Munro makes a further important point that journalists have overwhelmingly missed the existence of universities’ exemption from the cap. Thanks to “clever advocates—and gullible reporters” who do not know of universities’ special treatment under the visa law, the discussion of the H-1B has concentrated on “a boring, complex, semi-technical dispute over the hiring of low-status computer-experts by Facebook and various unfamiliar outsourcing companies.” This focus draws attention away from the fact that temporary guest workers at universities hold “many good jobs—professors, clinicians, business majors, researchers and designers—that [could provide a] pathway to professional success” for educated young Americans, he writes.

Clearly, Munro is angry, which doubtlessly contributes to his sometimes overly flamboyant tone. But his essential argument comports not only with the views of the four famous scientists, but also with the conclusions of numerous studies and reports and many leading economists who study the scientific and technical labor market.

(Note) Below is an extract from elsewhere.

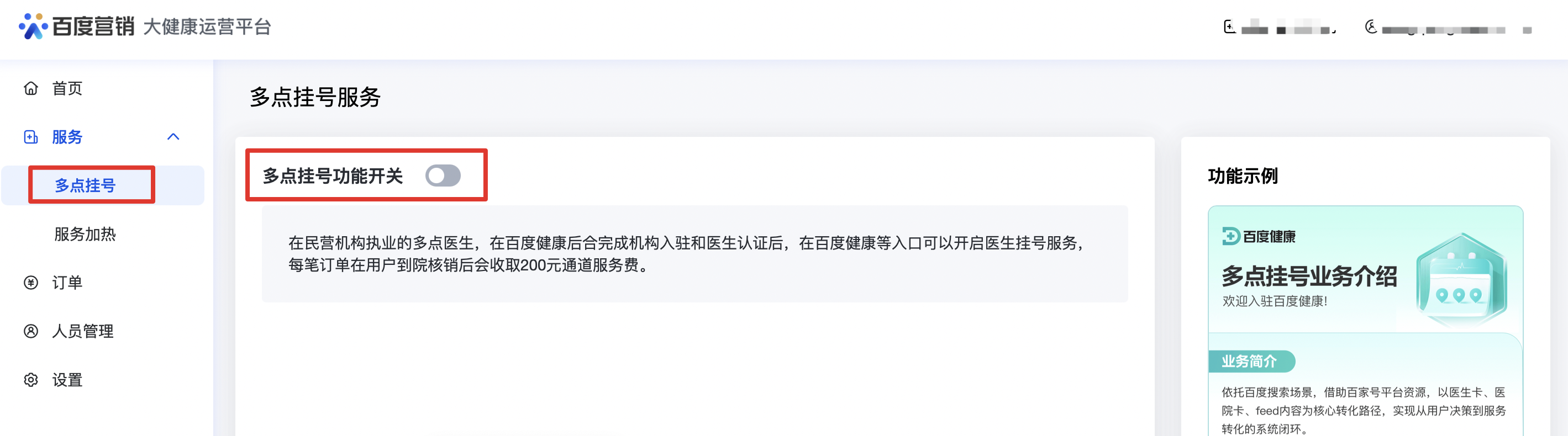 多點掛號服務開關,默認關閉,需客戶手動開啟;開啟服務會判斷①機構審核與醫生審核狀態 ②資金池是否欠費;如果資金池欠費,則無法開啟多點掛號投放,且掛號服務默認關閉;開啟后,引導客戶簽署線上服務協議;

Some of the presidential candidates also agree. In the department of strange political bedfellows, in November, Democratic presidential candidate Bernie Sanders joined Republican candidate Donald Trump in calling for employers to pay H-1B workers more, Patrick Thibodeau reported at Computerworld. Republican candidate Ted Cruz also shows signs of possibly becoming an H-1B critic, Thibodeau added. “We must substantially increase prevailing wages that employers pay temporary guest workers,” states the immigration policy that Sanders issued in November. “[I]f there is a true labor shortage, employers must offer higher, not lower wages.”